Cantinho da Cidadania
No abrigo do Parque Castelo Branco os jovens têm várias opções durante todo o dia, como praticar esporte na quadra de futebol de areia ou de vôlei ou brincar nos jogos de mesa. Mas o Cantinho da Cidadania, um lugar onde as crianças participam de atividades artísticas e cultural é o que mais chama a atenção das centenas de meninos e meninas que hoje estão abrigados no parque de exposição. Lá, eles podem brincar com vários jogos educativos, pintura livre e facial ou assistir a filmes em um telão.
A menina Gabriela Cruz, 7 anos, diz que passa o dia brincando de pular corda ou fazendo pinturas no Cantinho da Cidadania. “Lá eu brinco de pintar o rosto, também faço pinturas no papel, canto, vejo filmes e faço um monte de coisas divertidas”, conta Gabriela, que teve sua casa invadida pelas águas no bairro Taquari.
Rádio Comunitária ajuda com informações
Um sistema interno de comunicação instalado no box da Rádio Difusora, envia vários tipos de orientações aos ‘hóspedes’, principalmente sobre as regras de convivência.
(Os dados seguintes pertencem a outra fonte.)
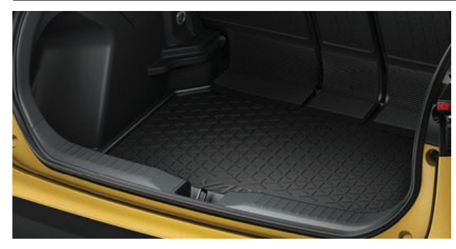
BOOT LINER Tailored to fit the boot of your vehicle and provide protection against dirt and spills.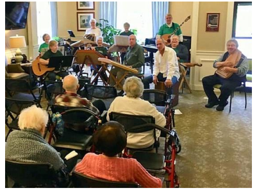
Brookhaven Manor in Ann Arbor Oct. 17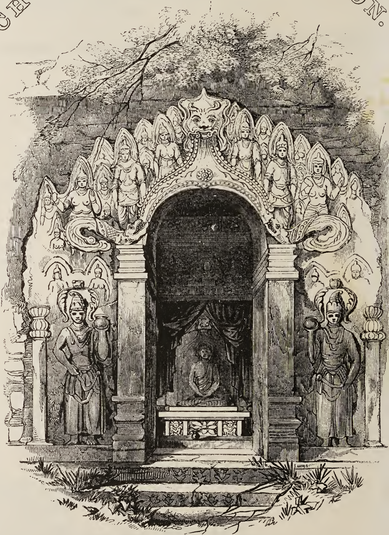
Entrance to the Great Temple of Dambool.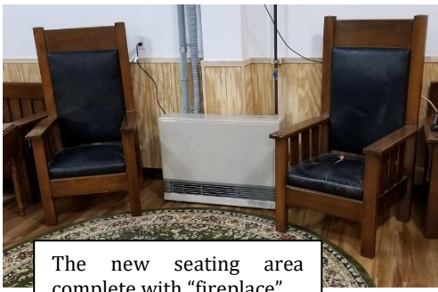
The new seating area complete with "fireplace"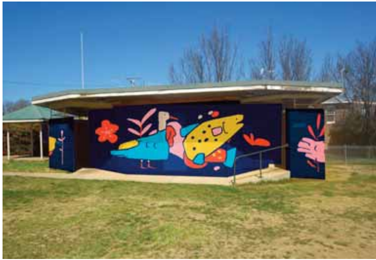
Option 1 received the most votes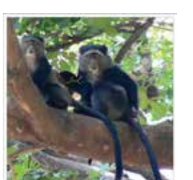
Blue Monkeys at Kasyoha Kitomi CFRs

Uma equipe especializada da Prefeitura de Rio Branco cuida dessa parte. Quando acontece algum tipo de desentendimento entre vizinhos seus membros são enviados imediatamente ao local do conflito, onde tentam contornar a situação.
A jornalista Lamlid Nobre, responsável pelo sistema de comunicação, diz que a ‘rádio ‘comunitária’ também envia diariamente informações de como se prevenir de alguns tipos de doenças, além de estar sempre convidando os desabrigados a participaram de cursos na oficina de reciclagem, arranjos florais, confecção em tecidos, pinturas e bijuterias.
Em todos os lugares do parque onde há famílias instaladas se pode ouvir as informações do sistema de comunicação e ainda música de vários estilos. “Aqui se ouve gospel, MPB, brega e até internacional. A intenção é distrair as pessoas que estão abrigadas e também aos servidores públicos e voluntários que trabalham o dia inteiro”, diz o músico Dalas Dean.
A radialista Tânia Façanha, que integra a equipe, diz que quando alguém chega ao parque procurando por um parente a rádio comunitária ajuda a encontrá-lo. “Também orientamos sobre a utilização dos banheiros, o cuidado com as crianças e outras informações que ajudam na limpeza e segurança do local”, explica.